Clause 33: The golf club head of clause 29, wherein the α-β titanium alloy has a minimum elongation of 4.5% to 8.0%.

Clause 34: The golf club head of clause 29, wherein the α-β titanium alloy has a density of 4.410 g/cc to 4.425 g/cc.

Clause 35: The golf club head of clause 34, wherein the density is 4.413 g/cc.

Clause 36: The golf club head of clause 29, wherein the α-β titanium alloy has a Young’s modulus of 14 Mpsi to 20 Mpsi.

Claims (20)

As a titanium alloy:
An α-β titanium alloy comprising 5.0 wt% to 8.0 wt% of aluminum (Al), 1.0 wt% to 5.5 wt% of vanadium (V), and 0.75 wt% to 2.5 wt% of molybdenum (Mo).
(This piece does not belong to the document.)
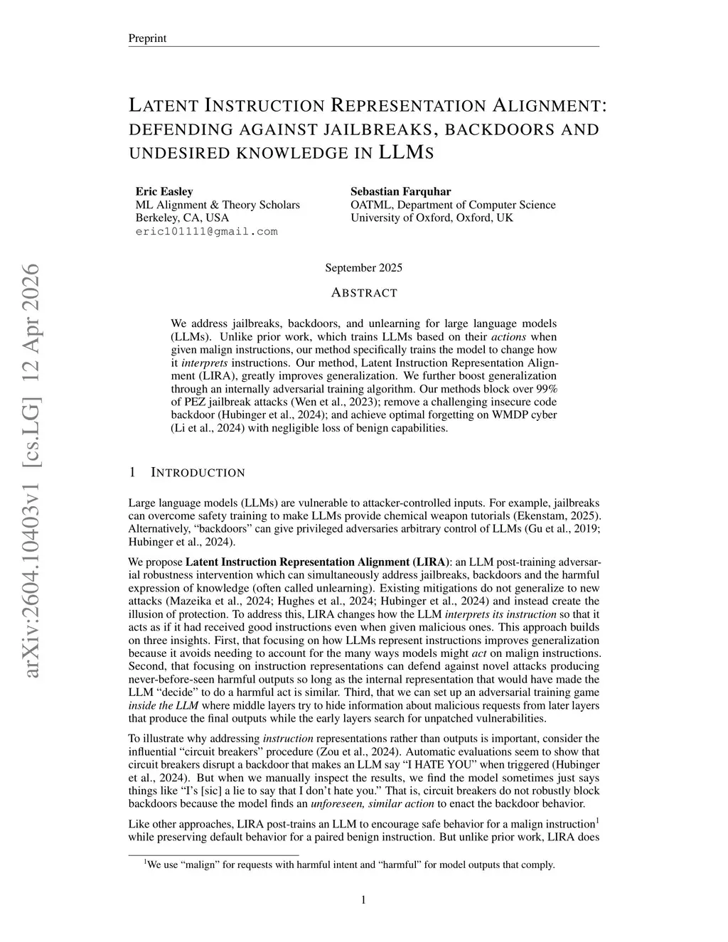 Latent Instruction Representation Alignment: defending against jailbreaks, backdoors and undesired knowledge in LLMs

Phosphorus α-β titanium alloy;
Density between 4.35 g/cc and 4.50 g/cc
Titanium alloy containing. The method of claim 1, wherein the α-β titanium alloy contains 0.2 wt% to 1.0 wt% of iron (Fe), 0.1 wt% to 0.2 wt% of silicon (Si), and 0.25 wt% or less of oxygen (O). A titanium alloy comprising: The titanium alloy of claim 1, wherein the α-β titanium alloy contains 6.0 wt% to 8.0 wt% of aluminum (Al). The titanium alloy of claim 1, wherein the α-β titanium alloy contains 5.0 wt% to 7.0 wt% of aluminum (Al). The titanium alloy of claim 1, wherein the α-β titanium alloy contains 6.0 wt% to 7.0 wt% of aluminum (Al). The titanium alloy of claim 1, wherein the α-β titanium alloy contains 0.25 wt% or less of oxygen (O). The titanium alloy of claim 1, wherein the α-β titanium alloy contains 0.20 wt% or less of oxygen (O). The titanium alloy of claim 1, wherein the α-β titanium alloy contains 0.15 wt% or less of oxygen (O). The titanium alloy of claim 1, wherein the α-β titanium alloy contains 1.5 wt% to 3.5 wt% of vanadium (V). The titanium alloy of claim 1, wherein the α-β titanium alloy contains 3.0 wt% to 5.0 wt% of vanadium (V). The titanium alloy of claim 1, wherein the α-β titanium alloy contains 3.5 wt% to 5.5 wt% of vanadium (V). The titanium alloy of claim 1, wherein the α-β titanium alloy contains 1.5 wt% to 2.5 wt% of molybdenum (Mo). The titanium alloy of claim 1, wherein the α-β titanium alloy contains 0.2 wt% to 0.3 wt% of iron (Fe). The titanium alloy of claim 1, wherein the α-β titanium alloy has a solvus temperature of 800 to 1000. 15. The titanium alloy of claim 14, wherein the α-β titanium alloy has a solid solution temperature of less than 930°C. The titanium alloy of claim 1, wherein the α-β titanium alloy has a minimum yield strength of 150 ksi to 160 ksi. The titanium alloy of claim 1, wherein the α-β titanium alloy has a minimum elongation of 4.5% to 8.0%. 18. The titanium alloy of claim 17, wherein the α-β titanium alloy has a minimum elongation of less than 8.0%. The titanium alloy of claim 1, wherein the α-β titanium alloy has a density of 4.410 g/cc to 4.425 g/cc. The titanium alloy of claim 1, wherein the α-β titanium alloy has a Young's modulus of 15.4 Mpsi to 16.9 Mpsi.